# Confidence interval through bootstrapping and Student's t assumption

In this program, we shall verify how robust is the confidence interval estimated from non-normal sample (exponentially distributed) through two methods:

(1) bootstrapping <br>
(2) Assuming a t distributed sample (kwoning that they are not)

## Libraries

In [173]:
import numpy as np
from scipy import stats
from matplotlib import pyplot as plt

## Confidence interval by bootstrapping

Defining some functions

In [174]:
# Empirical Distribution Function
def EDF(x, sample):
    ret = 0
    
    for xi in sample:
        if xi <= x: ret += 1
            
    return ret / sample.size

def sample_quantile(p, sample):
    eps = (max(sample) - min(sample)) / 1000
    
    x = min(sample)
    while EDF(x, sample) < p:
        x += eps
        
    return x

def boot_conf_inter(sample, alpha = 0.05, n = 1000):
    mean = np.mean(sample)
    boot_mean = np.full(n, np.nan)
    
    for i in range(boot_mean.size):
        boot_mean[i] = np.mean(np.random.choice(sample, sample.size))
        
    return (2*mean - sample_quantile(1 - alpha/2, boot_mean), 2*mean - sample_quantile(alpha / 2, sample))

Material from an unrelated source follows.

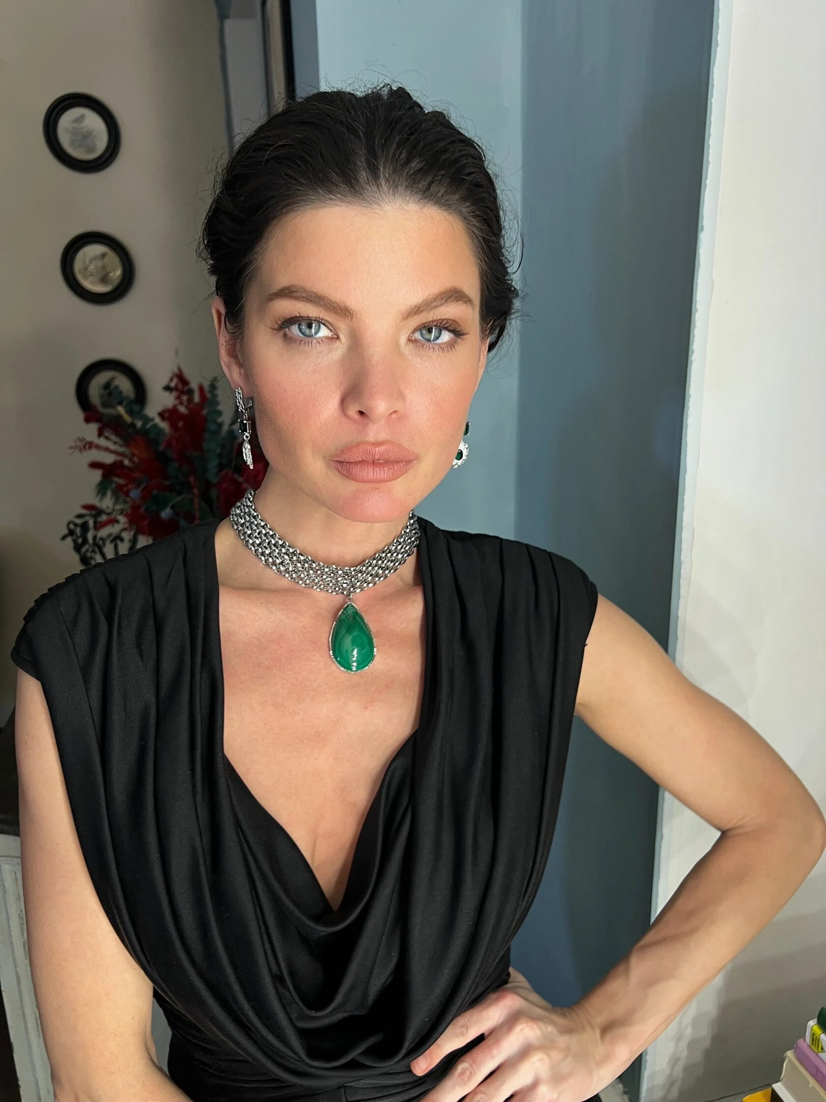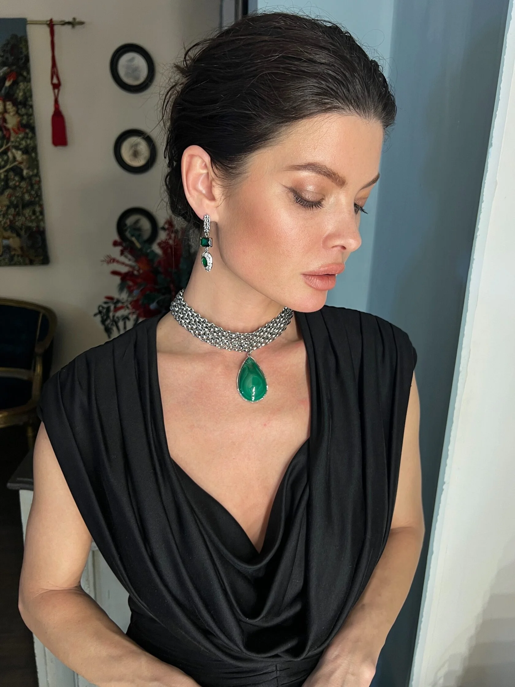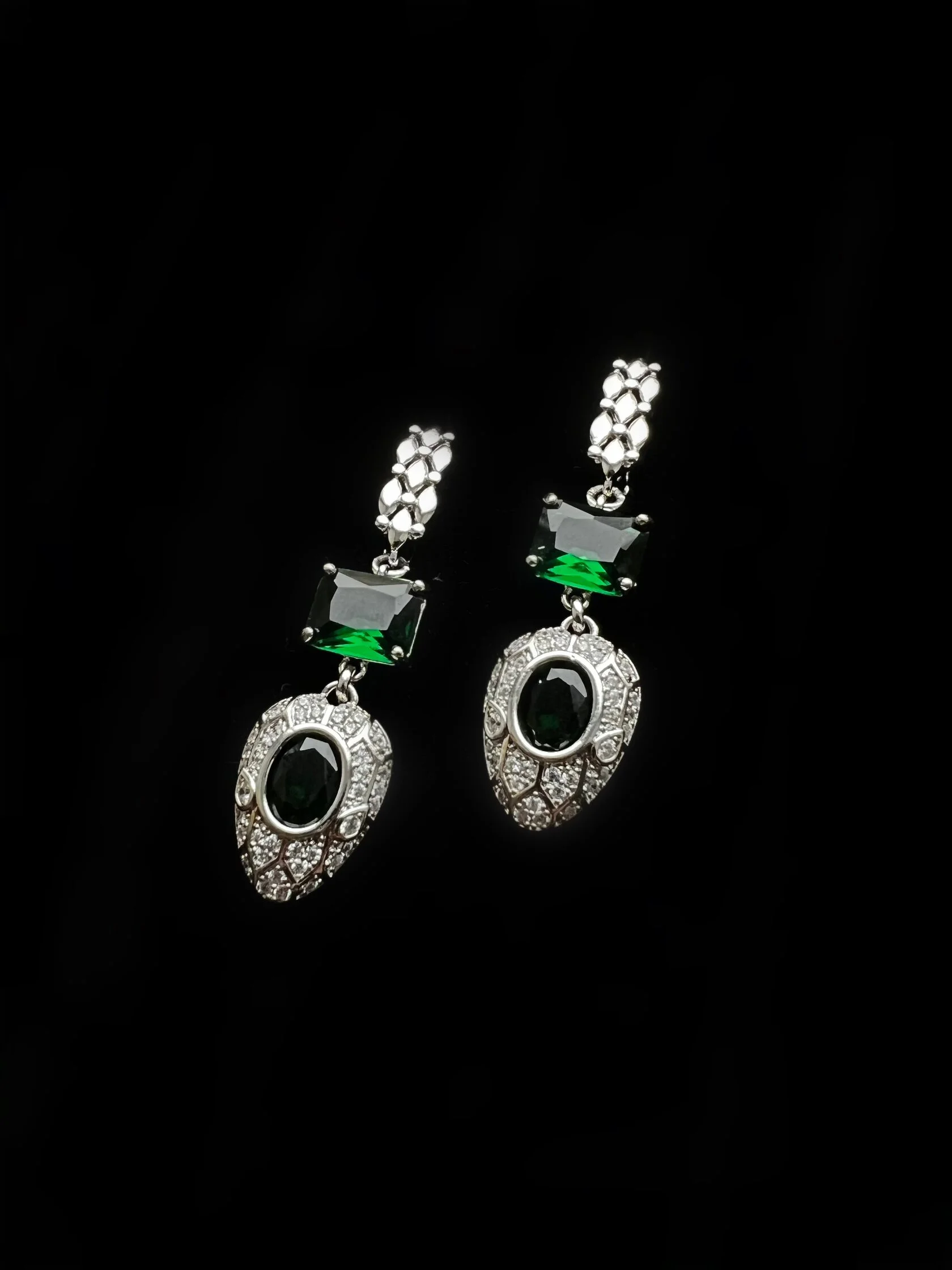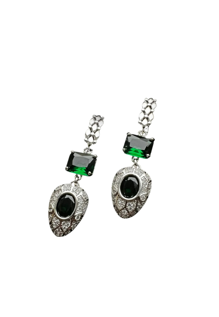 Коктейльные серьги украшены декоративными вставками с ювелирным стеклом и дополнены подвесками в виде голов змей с кристаллами «Swarovski». Английский замок

Perfoming the sampling <code>n_total</code> and testing if the populational mean is within the estimated confidence interval

In [183]:
n_in = 0 # Number of times that the population mean was inside the confidence interval
n_total = 100 # Number of experiments

for i in range(n_total):
    sample = stats.expon.rvs(size = 30)
    pop_mean = stats.expon.mean()
    conf_inter = boot_conf_inter(sample, n = 100)
    
    if (pop_mean >= conf_inter[0]) and (pop_mean <= conf_inter[1]): n_in += 1
        
print('The population mean was between the estimated confidence interval {:.2f}%'.format(100 * n_in / n_total))

The population mean was between the estimated confidence interval 99.00%


## Confidence interval by Student's t assumption

Let us assuming the sample normally distributed, even though we know they are not, and then let us evaluate the confidence interval using a Student's t distribution. 

In [182]:
n_in = 0 # Number of times that the population mean was inside the confidence interval
n_total = 1000 # Number of experiments

for i in range(n_total):
    sample = stats.expon.rvs(size = 30)
    pop_mean = stats.expon.mean()
    mean = np.mean(sample)
    se = np.std(sample) / np.sqrt(sample.size)
    alpha = 0.05
    z = stats.t.ppf(1 - alpha / 2, sample.size - 1)
    conf_inter = (mean - z*se, mean + z*se)
    
    if (pop_mean >= conf_inter[0]) and (pop_mean <= conf_inter[1]): n_in += 1
        
print('The population mean was between the estimated confidence interval {:.2f}%'.format(100 * n_in / n_total))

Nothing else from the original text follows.